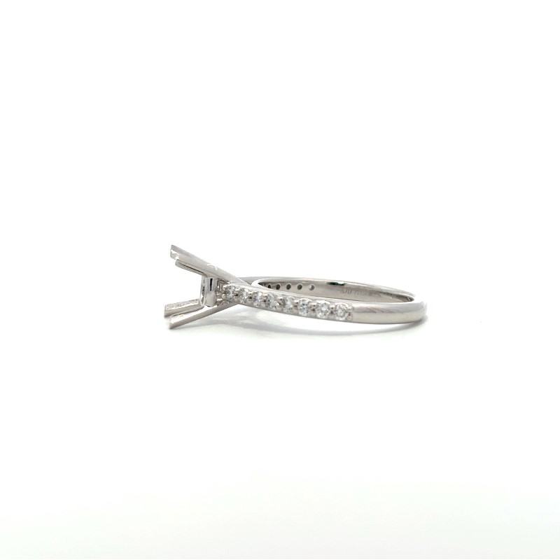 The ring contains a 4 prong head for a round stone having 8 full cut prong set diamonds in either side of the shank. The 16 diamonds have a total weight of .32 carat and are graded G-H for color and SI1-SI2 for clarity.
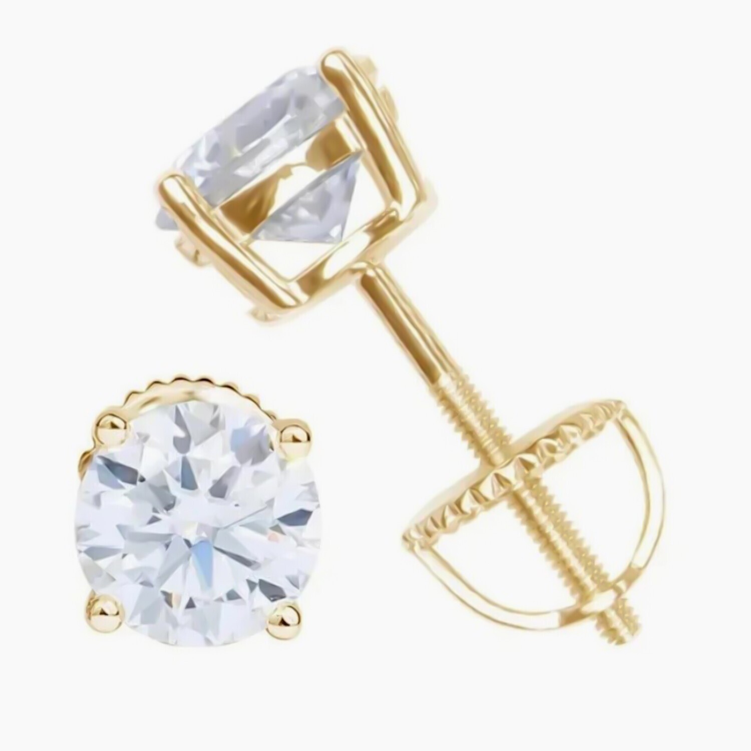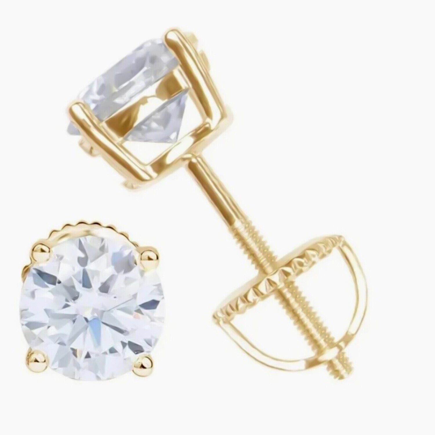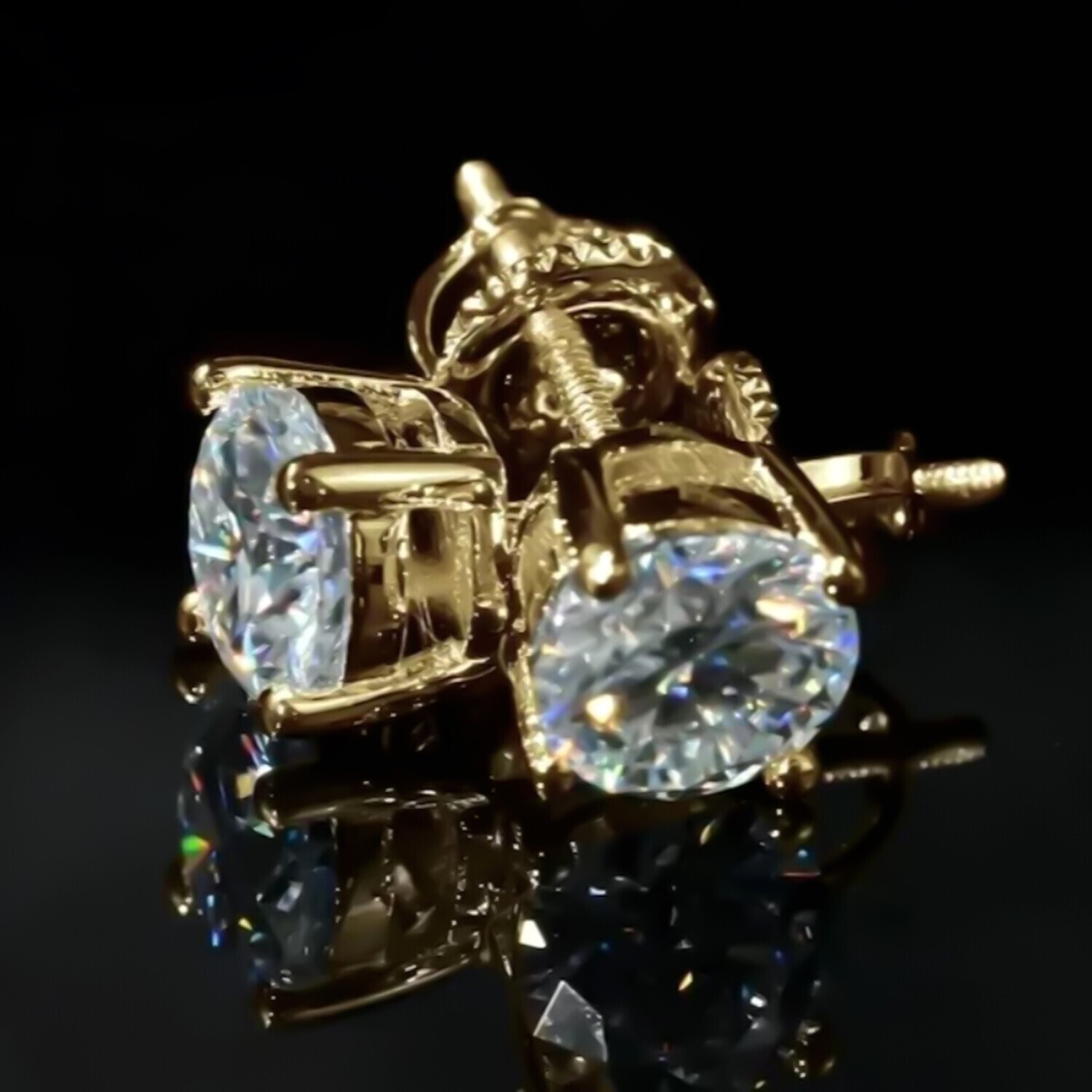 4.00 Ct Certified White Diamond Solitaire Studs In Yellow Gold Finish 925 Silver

————————

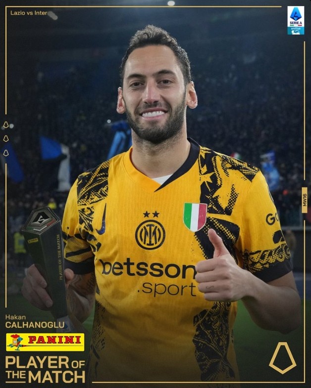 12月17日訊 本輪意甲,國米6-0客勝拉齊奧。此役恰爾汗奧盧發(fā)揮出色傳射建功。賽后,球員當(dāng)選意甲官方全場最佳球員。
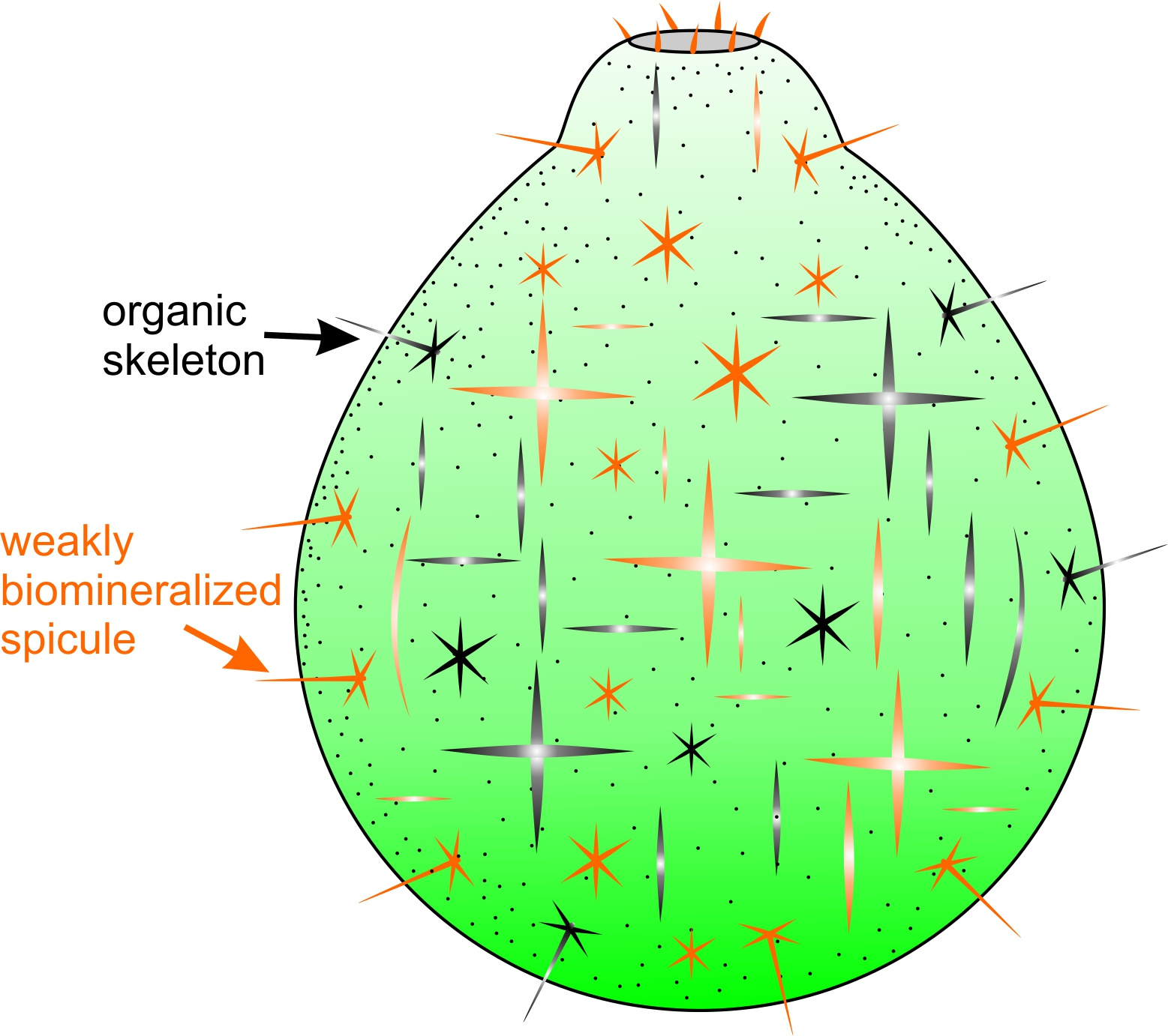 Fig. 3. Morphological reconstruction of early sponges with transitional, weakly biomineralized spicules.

————————

TASK GOAL: From the material above, give again exactly the lines from the one that contains "12月17日訊 本輪意甲,國" through the one that contains "Fig. 3. Morphological", and leave out the pictures.

TASK OUTPUT:
 12月17日訊 本輪意甲,國米6-0客勝拉齊奧。此役恰爾汗奧盧發(fā)揮出色傳射建功。賽后,球員當(dāng)選意甲官方全場最佳球員。
 Fig. 3. Morphological reconstruction of early sponges with transitional, weakly biomineralized spicules.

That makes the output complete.